Work required> Set the data down again, exactly as it reads, but without the pictures.

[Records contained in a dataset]
[Start of Attachment]

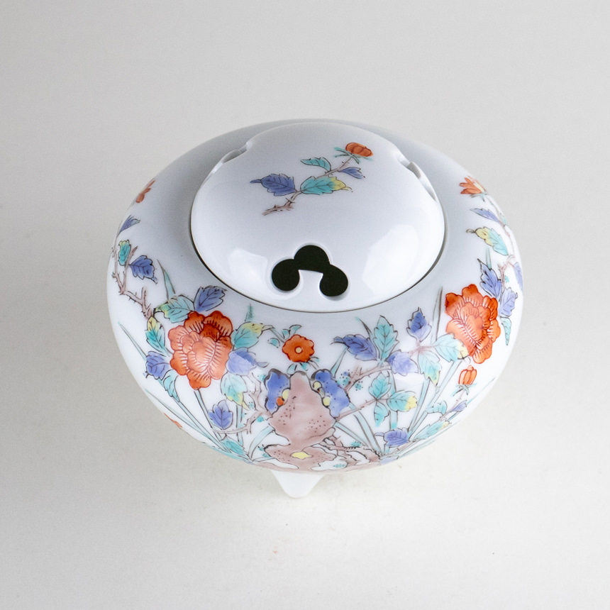 華やかな牡丹と彩り豊かな草花が全体にあしらわれた、かぶ型の有田焼香炉です。赤・青・緑の色彩が調和し、上品な佇まいを演出します。お香を焚いて香りを楽しむのはもちろん、蓋付きの端正なフォルムはお部屋のインテリアとしても映えます。玄関やリビング、床の間などに置けば、空間に華やぎと落ち着きを添えてくれます。
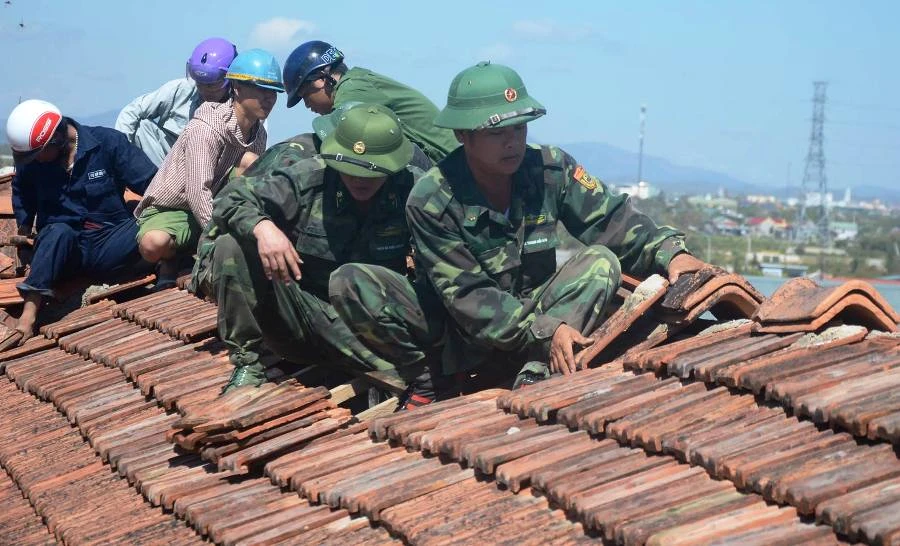 Lực lượng vũ trang đang giúp dân ở Hà Tĩnh lợp lái mái nhà bị bão số 10 làm tốc mái.
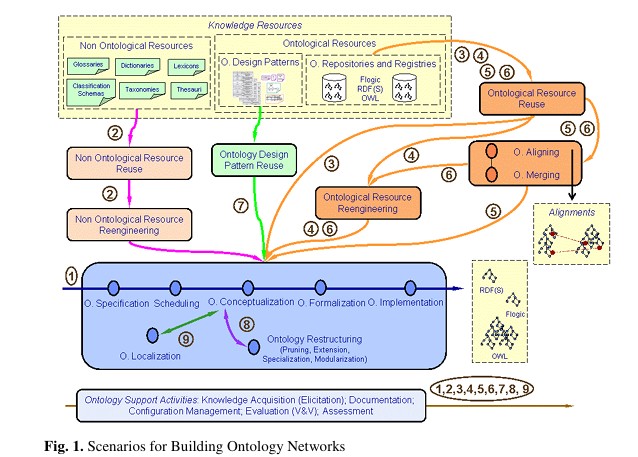 [4] Source : Gómez-Pérez, A., & Suárez-Figueroa, M. C. (2009). "NeOn Methodology for Building Ontology Networks: A Scenario-Based Methodology" Auteurs : Asunción Gómez-Pérez, Mari Carmen Suárez-Figueroa. Conférence : EKAW 2008 (Knowledge Engineering and Management). Lien https://oa.upm.es/5475/1/INVE_MEM_2009_64399.pdf
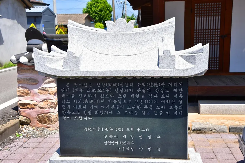 그리고 인구 왼쪽에 전사청이 서 있습니다. 전사청은 양함선생의 유적을 기리기 위해 1654년에 건립이 되어 유림의 산실로 제반 행사를 진행하였는데 오랜 시간이 지나면서 보존하기에 어려움이 있어 뜻을 모아 2017년에 고유의 한옥으로 건립되었습니다.
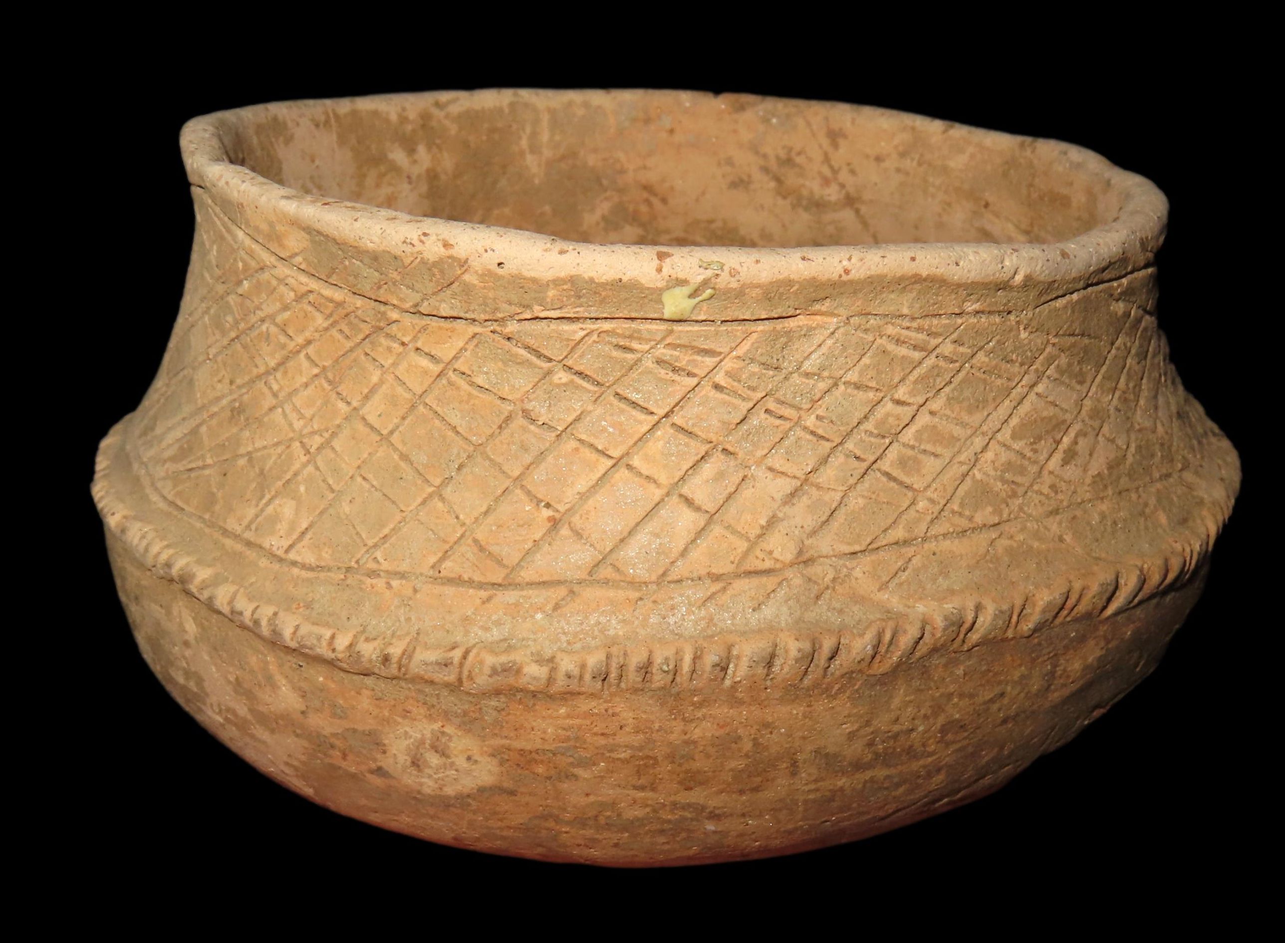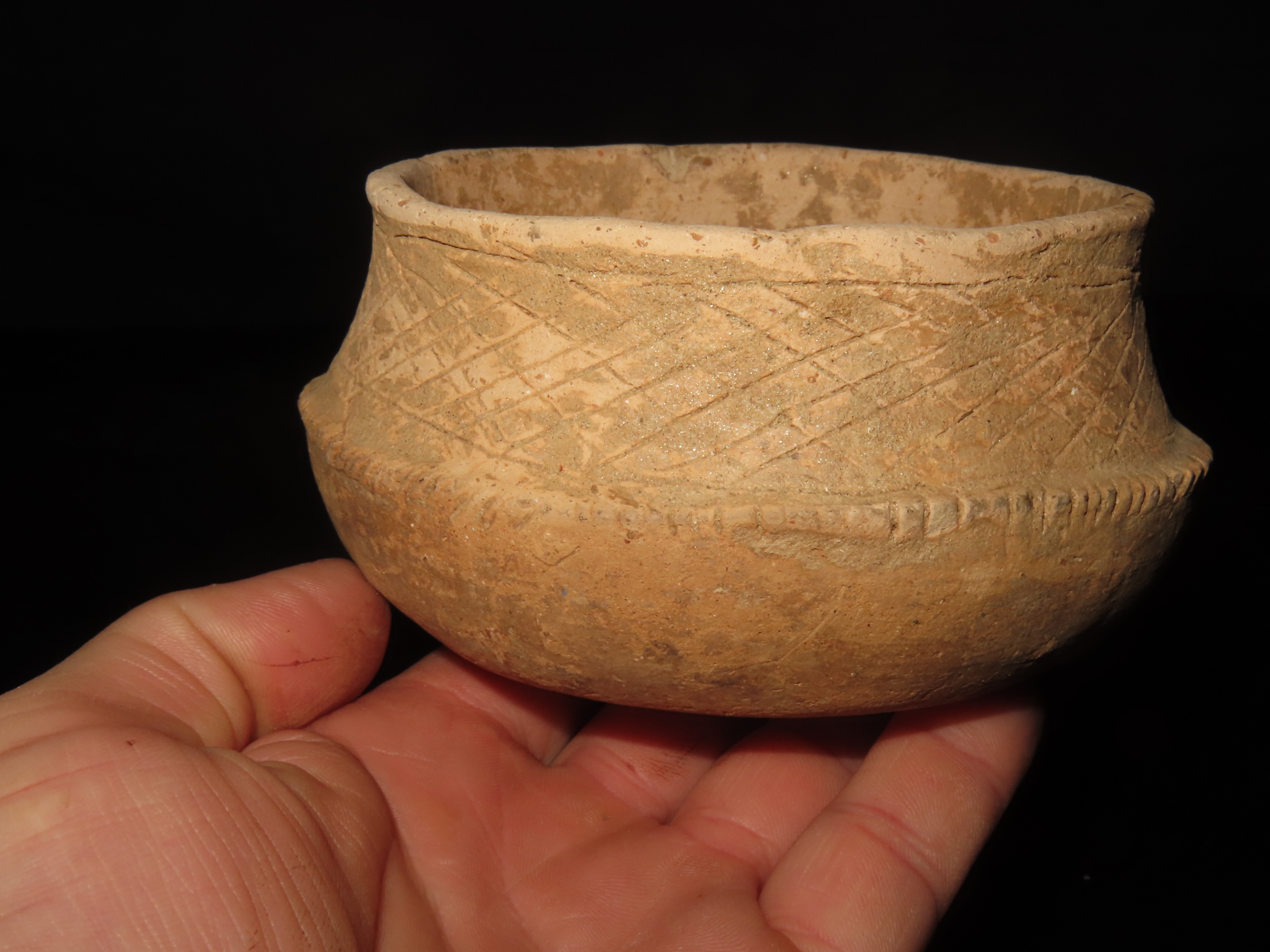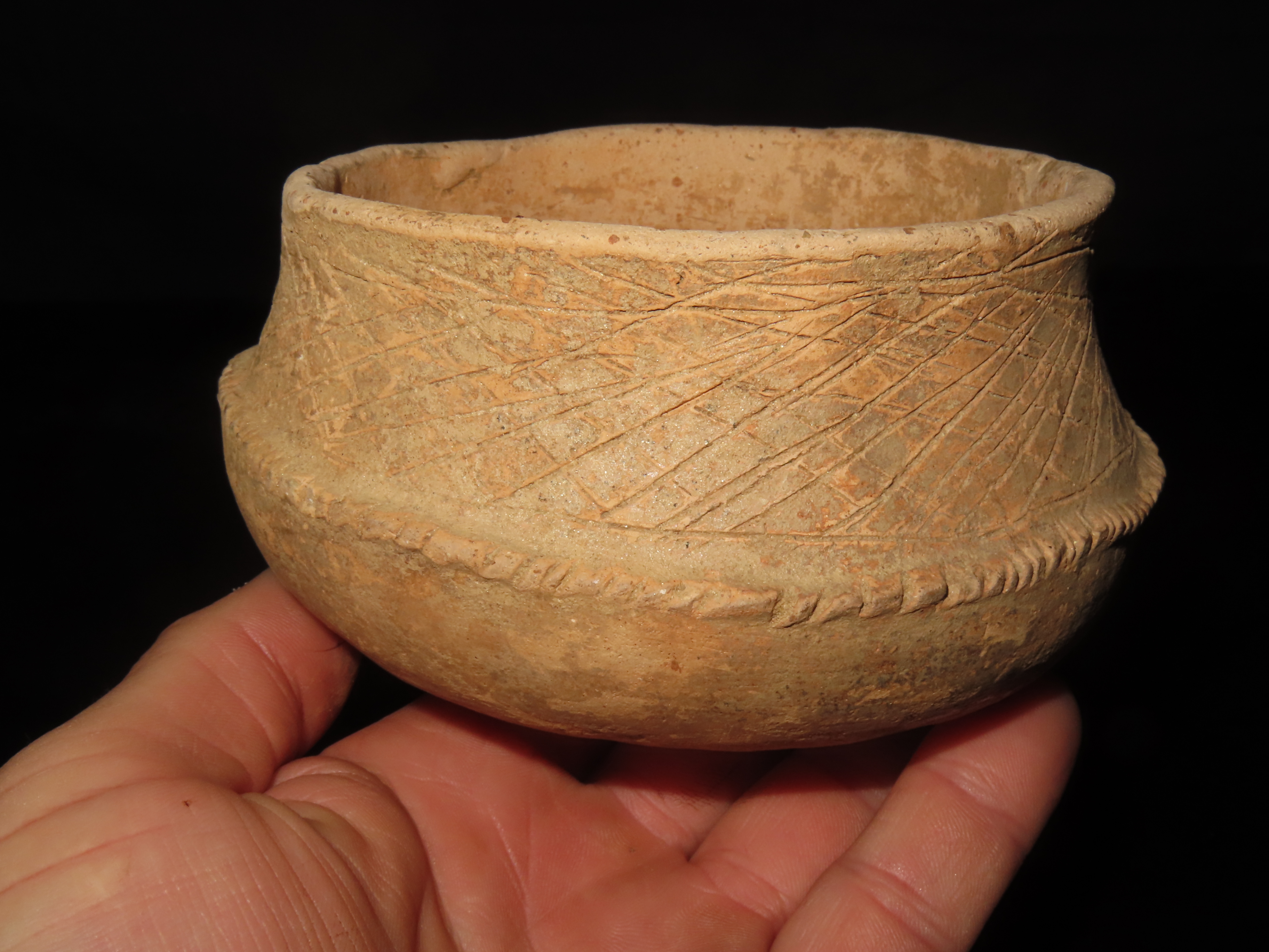 5 1/8″ MAYAN ENGRAVED POTTERY BOWL, SOUTH AMERICA, NICE SOLID EXAMPLE WITH NO DAMAGE OR REPAIRS

[End of Attachment]

Solution below>
 華やかな牡丹と彩り豊かな草花が全体にあしらわれた、かぶ型の有田焼香炉です。赤・青・緑の色彩が調和し、上品な佇まいを演出します。お香を焚いて香りを楽しむのはもちろん、蓋付きの端正なフォルムはお部屋のインテリアとしても映えます。玄関やリビング、床の間などに置けば、空間に華やぎと落ち着きを添えてくれます。
 Lực lượng vũ trang đang giúp dân ở Hà Tĩnh lợp lái mái nhà bị bão số 10 làm tốc mái.
 [4] Source : Gómez-Pérez, A., & Suárez-Figueroa, M. C. (2009). "NeOn Methodology for Building Ontology Networks: A Scenario-Based Methodology" Auteurs : Asunción Gómez-Pérez, Mari Carmen Suárez-Figueroa. Conférence : EKAW 2008 (Knowledge Engineering and Management). Lien https://oa.upm.es/5475/1/INVE_MEM_2009_64399.pdf
 그리고 인구 왼쪽에 전사청이 서 있습니다. 전사청은 양함선생의 유적을 기리기 위해 1654년에 건립이 되어 유림의 산실로 제반 행사를 진행하였는데 오랜 시간이 지나면서 보존하기에 어려움이 있어 뜻을 모아 2017년에 고유의 한옥으로 건립되었습니다.
 5 1/8″ MAYAN ENGRAVED POTTERY BOWL, SOUTH AMERICA, NICE SOLID EXAMPLE WITH NO DAMAGE OR REPAIRS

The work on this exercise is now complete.